Чтобы помочь Теодоре, мы с Сакки вышли на авансцену (в прихожую) - рассказывать про свои маски. Комедия дель арте требует прологов. Они выходят и докладывают зрителю, что за каша тут заваривается. Первым вышел Сакки.

- Вообще-то, обычно я играю Бригеллу, - начал он издалека. – Но сегодня меня товарищи попросили сыграть мертвую беременную Офелию. Я сначала отказывался, а потом подумал: настоящий актер не боится трудностей. Он может и тумбочку сыграть, коли пребудет охота. Итак, я Офелия. Лежу в гробу и жду Гамлета, чтобы сказать ему: зря ты, Гамлетик, вернулся на родину, прикнокнут тебя здесь.

С этими словами Сакки улеглся на пол, скрестил руки на животе и застыл. При этом он, надув что есть мочи брюхо, издавал странные звуки, навроде храпа (так и не понял, это он храпел или пукал) . Видимо, давал понять залу, что Офелия-то, хоть и мертвая, да не совсем. Вышел я.

- У меня сегодня две роли, - сказал я. – Во-первых, я играю Горацио, друга принца. Я прекрасно понимаю, что Гамлета укокошат, потому что ему так на роду написано. Но, все равно, интересно посмотреть, чем все закончится. Может, я об этом еще напишу в своих мемуарах. А также я играю могильщика. Работа пыльная, но платят хорошо. Сначала я могильщик.

С этими словами я принялся кидать воображаемую землю воображаемой лопатой, прикрикивая при этом, как на базаре: «Могилы свежие! Могилы свежие! Оградки! Каменные надгробья с вашим текстом – любим, помним, скорбим! Фотографии на эмали! Все под ключ! Подзахоронения! Эксгумации!» И тому подобный вздор.

У Теодоры уже был опыт работы в комедиях дель арте. Поэтому она воспользовалась шумом, что мы с Сакки производили, как фоном, на котором дала свой собственный пролог. Как она стремительно преобразилась! Вместо хрупкой стеснительной девчонки я увидел подростка – угловатого, ершистого, типичного обдолбанного пэтэушника. Поменялась манера: сейчас Теодора цедила слова с хрипотцой, пыталась засунуть руки в несуществующие панталоны, ерошила себе волосы (предусмотрительно вынув из них пару заколок) .

 

Теодора. Я играю принца Гамлета (сплевывает на пол) . Они думали, что меня так просто отправить в мир иной. Фигосли вносли! (целует себе фигу и отвешивает ее залу) . Нашли кому доверить – Розенкранцу с Гильденстерном, еле выговорил. Этих долбоебов только за смертью и посылать. Да я сам закопаю кого хошь в этом сраном королевстве. Мне папа дал наказ, а папашка у меня был вам и не снилось! Настоящий король, а не этот хрен с горы, который щас заправляет. Я вам точно говорю: будет мокрота!

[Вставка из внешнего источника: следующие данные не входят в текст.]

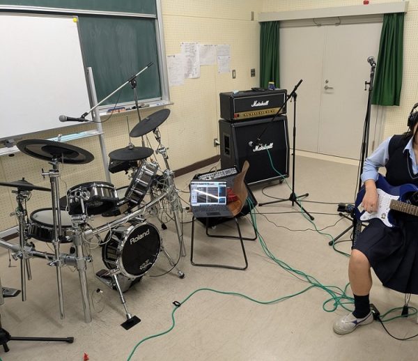 8月上旬、夏休みの期間を利用して、軽音楽部3年生のスリーピースバンド「無問題(モウマンタイ)」が、学校の音楽室でオリジナル楽曲のレコーディングを行いました。

Гоцци. Могилки свежие! Веночки-цветочки! Под ключ!

Теодора. А вот и могильщик. Очень кстати! (Могильщику) . Здорово, дед.

Гоцци. Рою могилки для вашей милости, оградки починяю.

Теодора. Для моей милости пока не надо. Я тебя еще сто раз переживу, не в обиду будь сказано. А ты быстро работаешь? Сможешь нарыть еще пару могил наскороту?

Гоцци. Коли накинете пару-тройку датских крон за срочный заказец, то с превеликим нашим с вами удовольствием.

Теодора. А то надо будет прикопать здесь пару уродов (сплевывает) . А это что у тебя тут за череп? (Хватает своего муженька за щеки и трясет, как грушу. Тот, разумеется, просыпается, ничего не соображает) .

Гоцци. Так это ж Йорик, первый шут на псарне вашей милости.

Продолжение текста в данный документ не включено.